In the life of this blog, legal issues and football have seemed increasingly to converge. From the Offensive Behaviour Act, tax obligations, paid and unpaid, defamation threats and insolvency events -- legal curiosity is increasingly pulling me into the wacky world of the SFA and SPFL and the various legal ructions which have gripped them and their members.
But approaching us is the trial to beat them all. Former Rangers heid neeps Charles Green and Craig Whyte have been indicted for a range of offences, along with lawyer, Gary Withey, and Duff and Phelps administrators David Whitehouse, Paul Clark and David Grier. Today brings news from a preliminary hearing in the High Court that a number of charges against these men have now been deleted from the indictment. To suggest this case will provoke public interest and comment qualifies for the understatement of the legal year. If the indictment pours oil on troubled waters; the trial will follow it with a lit match.

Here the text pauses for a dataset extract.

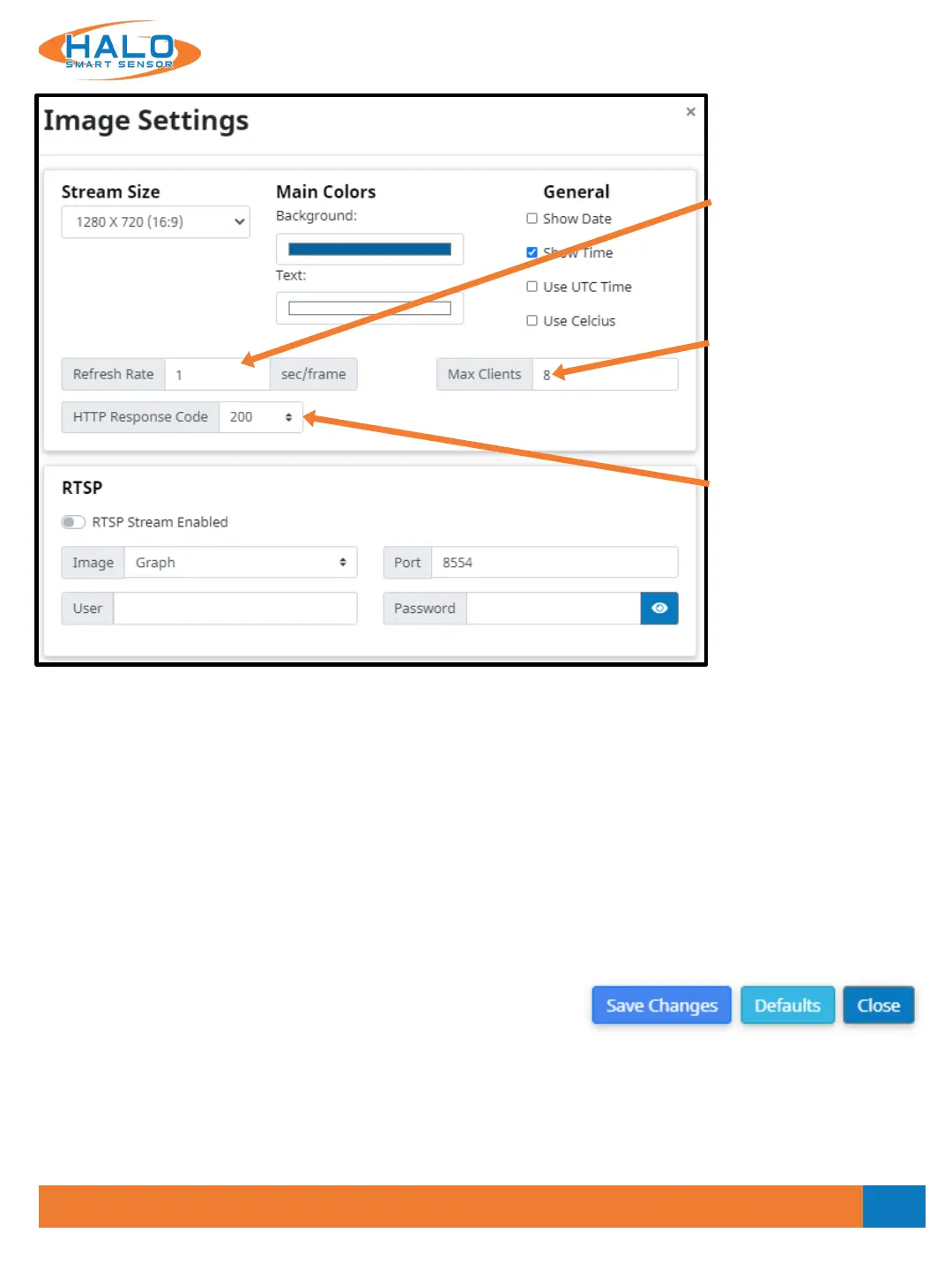 • Click the button for “RTSP Stream Enabled” to turn on this feature.

Forums, facebook, twitter, online comments on blogs, articles and website: if it was possible, this criminal trial will turn up the heat on the already boiling cauldron of feeling and opinion which is Scottish football. And that has its risks. Not only for the chances of these men receiving a fair trial on the evidence - which should concern us all - but also for any armchair advocates and prosecutors and defenders, who think the public would benefit from their insight into the case.
Which, perhaps, makes this a useful moment to flag up one or two important things which anyone with a keyboard and an opinion, or a broadcasting job and a desire to remain unfined and out of prision, would be well-advised to bear in mind. The trial of these men is covered by the Contempt of Court Act. Proceedings are active. And Scots judges - at least historically - have been credited with a no-nonsense attitude to applying the Act's restrictions on what you can and cannot publish. In the old days, you could count publishers on your fingers. Today, anyone with an iPhone qualifies.
And you hear dark rumblings coming out of the Crown Office these days, that senior prosecutors in Scotland are getting tetchy - tetchy with certain well-known tabloid newspapers, flying remarkably close to the wind in their reporting of criminal cases - and tetchy with the opinonated world of folk online, breenging in a prejudicial way into active criminal cases. You hear talk of salutary examples being made, pour encouragers les autres.
Which makes the Rangers fraud case a perilous but fascinating thing for media big and small, professional and amateur. Let's put it this way. Given the issues and characters involved, if the Scottish media, and the easily agitated world of online comment, escapes the Rangers fraud case unscathed by contempt, it'll be a miracle.
Make no mistake: the lawyers for the accused will be taking a keen and constant interest in what goes on on in the pages of the press, in blogs, on twitter, and in forums. As the criminal case is ongoing -- none of this scrutiny will leak into the public domain. The judge will deal with it in the absence of the jury, but if you fall foul of the court's attention, you may well find yourself appearing to explain yourself, and mumbling your explanations.
The days of court specialist reporters in the media are long behind us. This job seems likely to end up the responsibility of the sports desk. And all it will take is one careless reporter, filling in, despatched to the High Court, out of their element, rusty on the rules, to say something spontaneous and silly on the radio or on telly. Or, equally probably, it'll be wee feature piece with a glancing reference to the accused, which isn't legalled, and is thoughtlessly published, only for its potentially prejudical impact to become clear. And bingo. Contempt.
Perhaps the journalist will refer to legal argument heard while the jury are out of the room. Perhaps they'll allude to evidence the judge has excluded. Perhaps they'll speculate on guilt or innocence of the accused, or criticise the credibility and persuasiveness of some witness or piece of evidence. Whatever it is, there'll be embarassing explanations to be made and an irate judge to placate. I hope this doesn't occur. I don't want to see anyone - professional hack or amateur commentator - hit with a prison term or a fine. But in the current environment, it seems all too probable.
So what are the rules? Any conduct - any comment - any commentary - any tweet - which tends "to interfere with the course of justice in particular legal proceedings" is a contempt of court, "regardless of intent to do so." This catches any comments which create "a substantial risk that the course of justice in the proceedings in question will be seriously impeded or prejudiced." Your social media reach matters, but if you have any kind of audience, don't kid yourself. You aren't a world away from STV or the Daily Record, and you can't expect the judiciary to treat you as such.
You are protected if you are offering only a "fair and accurate report of legal proceedings held in public, published contemporaneously and in good faith." Publications "made as or as part of a discussion in good faith of public affairs or other matters of general public interest" are also not treated as contempts of court "if the risk of impediment or prejudice to particular legal proceedings is merely incidental to the discussion". But if you breach that? The maximum penalty under the Act is two years in prison or a hefty fine.
So don't kid yourself. Journo or punter, superfan or utterly indifferent to soccer: this isn't America. This isn't a free for all. Duly warned.